(RECORDED INFORMATION)
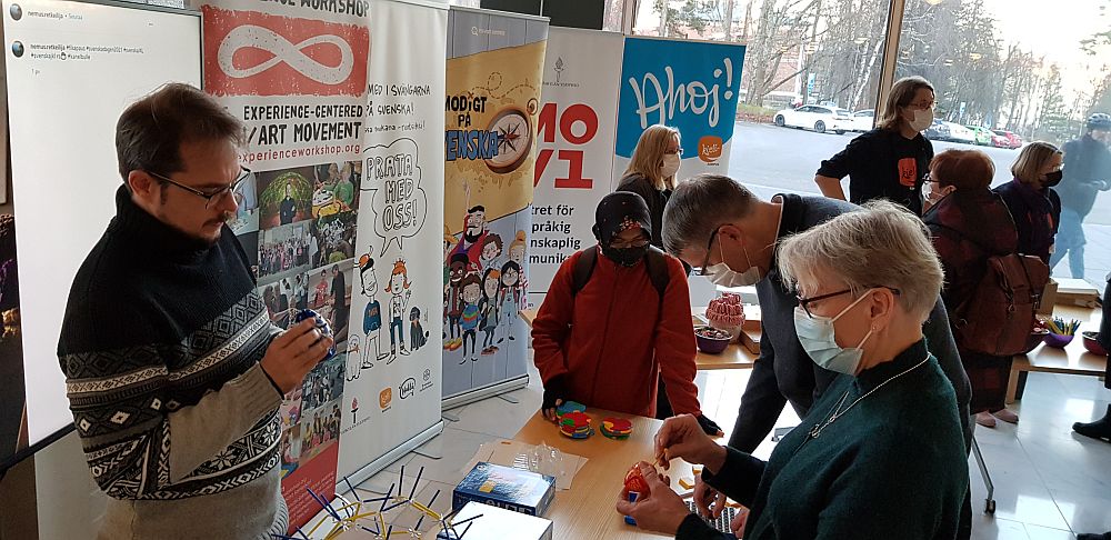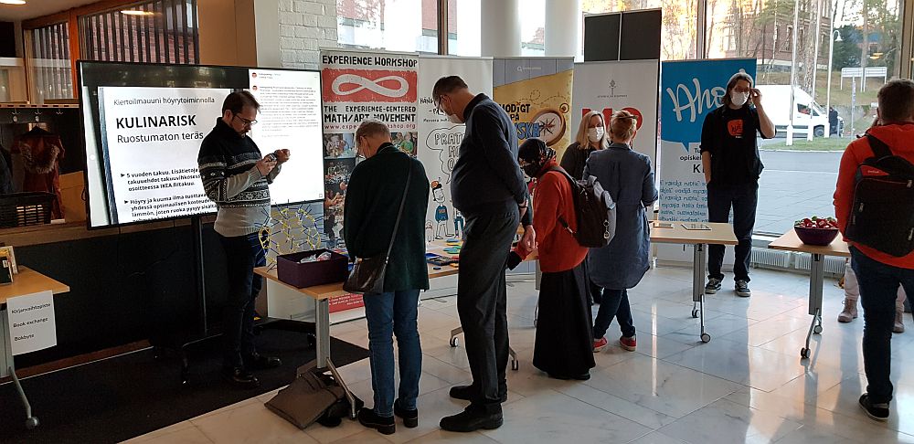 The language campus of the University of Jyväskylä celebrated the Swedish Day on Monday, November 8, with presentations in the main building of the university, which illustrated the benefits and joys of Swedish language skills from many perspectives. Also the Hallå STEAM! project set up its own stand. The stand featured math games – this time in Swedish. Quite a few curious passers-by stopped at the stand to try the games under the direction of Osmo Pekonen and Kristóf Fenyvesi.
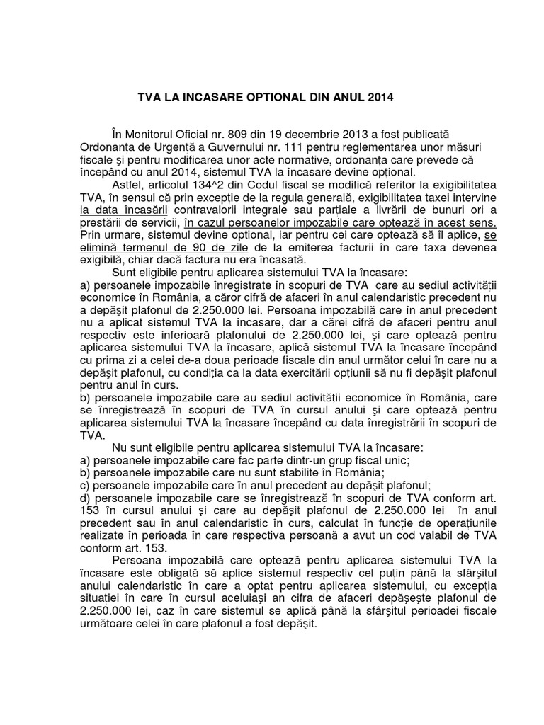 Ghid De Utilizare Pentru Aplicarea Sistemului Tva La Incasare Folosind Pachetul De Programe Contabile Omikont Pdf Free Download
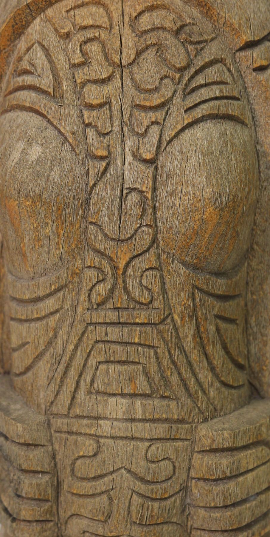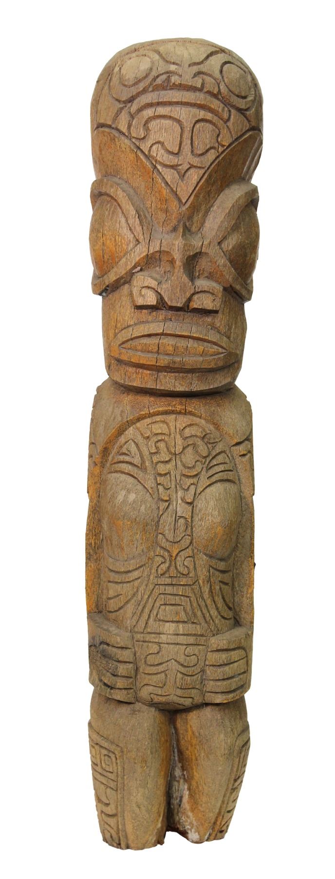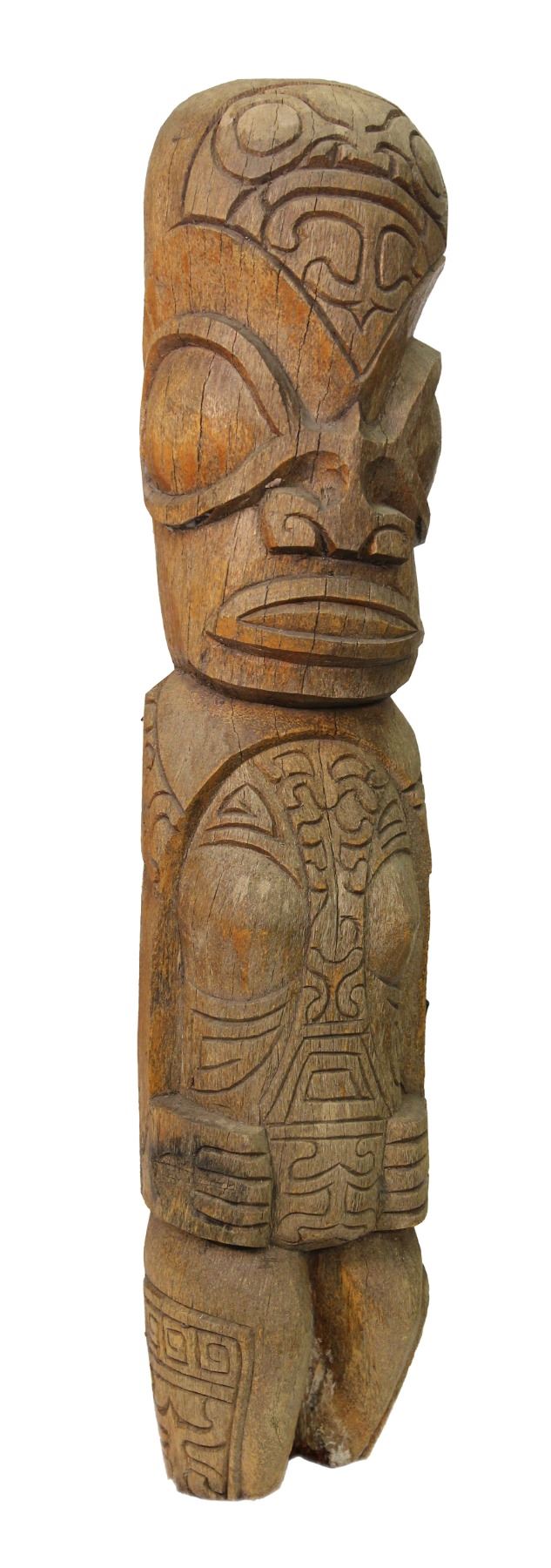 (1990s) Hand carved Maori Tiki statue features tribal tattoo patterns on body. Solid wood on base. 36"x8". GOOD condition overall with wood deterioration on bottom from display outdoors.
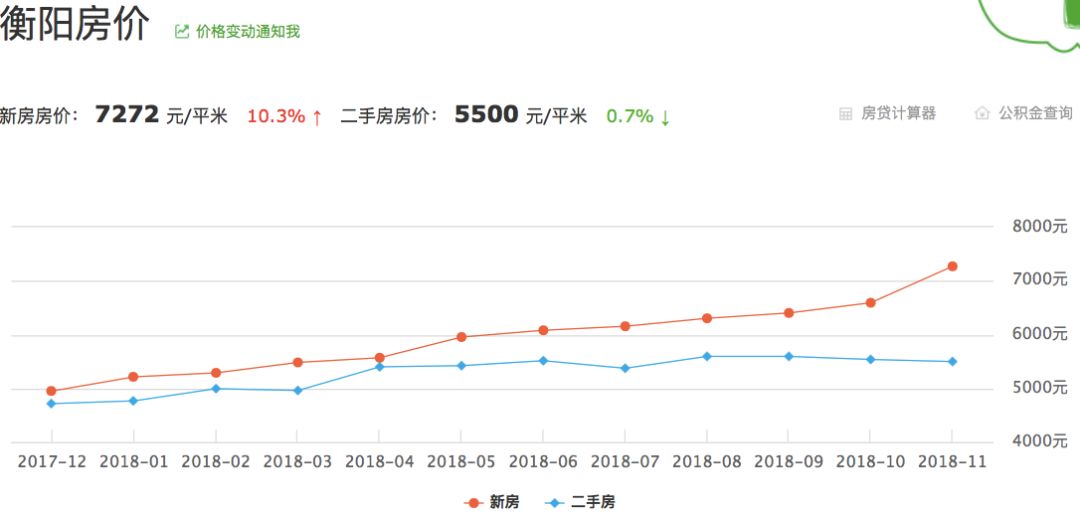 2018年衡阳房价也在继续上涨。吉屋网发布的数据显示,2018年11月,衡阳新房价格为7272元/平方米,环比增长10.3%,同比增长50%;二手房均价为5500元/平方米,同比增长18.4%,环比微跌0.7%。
(End RECORDED INFORMATION)
> **ACTION ITEM**: Your task is to repeat exactly the lines from the one containing "(1990s) Hand carved" through the end of the material, both included, and only those, without pictures.

> **TASK RESPONSE**:
 (1990s) Hand carved Maori Tiki statue features tribal tattoo patterns on body. Solid wood on base. 36"x8". GOOD condition overall with wood deterioration on bottom from display outdoors.
 2018年衡阳房价也在继续上涨。吉屋网发布的数据显示,2018年11月,衡阳新房价格为7272元/平方米,环比增长10.3%,同比增长50%;二手房均价为5500元/平方米,同比增长18.4%,环比微跌0.7%。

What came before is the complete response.